◆ **Requirement**: Please repeat, from the entries that follow, the lines from the one containing "中心區域則聚集著大量木制餐桌" through the one containing "Figure 1 shows" exactly, adding nothing.

◆ **Material for this exercise**:
-------------------------
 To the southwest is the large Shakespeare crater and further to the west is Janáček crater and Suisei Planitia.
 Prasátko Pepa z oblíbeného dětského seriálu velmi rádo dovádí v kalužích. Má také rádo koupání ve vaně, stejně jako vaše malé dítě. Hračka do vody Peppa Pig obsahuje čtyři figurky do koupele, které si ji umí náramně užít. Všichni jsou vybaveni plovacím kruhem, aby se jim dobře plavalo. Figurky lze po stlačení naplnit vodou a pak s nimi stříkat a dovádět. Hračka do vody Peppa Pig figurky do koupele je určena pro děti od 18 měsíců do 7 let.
-------------------------
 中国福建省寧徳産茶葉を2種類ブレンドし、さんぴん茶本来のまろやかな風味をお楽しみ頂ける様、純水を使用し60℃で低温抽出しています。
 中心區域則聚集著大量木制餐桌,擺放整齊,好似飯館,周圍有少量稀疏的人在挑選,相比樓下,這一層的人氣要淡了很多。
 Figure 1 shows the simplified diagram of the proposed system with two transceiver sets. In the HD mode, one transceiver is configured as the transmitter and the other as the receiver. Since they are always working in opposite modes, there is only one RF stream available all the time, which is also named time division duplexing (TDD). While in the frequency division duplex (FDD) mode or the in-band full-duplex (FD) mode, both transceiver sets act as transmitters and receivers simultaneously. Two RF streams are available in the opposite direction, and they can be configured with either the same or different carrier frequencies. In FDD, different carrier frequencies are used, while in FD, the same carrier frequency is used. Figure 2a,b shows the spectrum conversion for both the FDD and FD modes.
-------------------------
◆ **Task solution**:
 中心區域則聚集著大量木制餐桌,擺放整齊,好似飯館,周圍有少量稀疏的人在挑選,相比樓下,這一層的人氣要淡了很多。
 Figure 1 shows the simplified diagram of the proposed system with two transceiver sets. In the HD mode, one transceiver is configured as the transmitter and the other as the receiver. Since they are always working in opposite modes, there is only one RF stream available all the time, which is also named time division duplexing (TDD). While in the frequency division duplex (FDD) mode or the in-band full-duplex (FD) mode, both transceiver sets act as transmitters and receivers simultaneously. Two RF streams are available in the opposite direction, and they can be configured with either the same or different carrier frequencies. In FDD, different carrier frequencies are used, while in FD, the same carrier frequency is used. Figure 2a,b shows the spectrum conversion for both the FDD and FD modes.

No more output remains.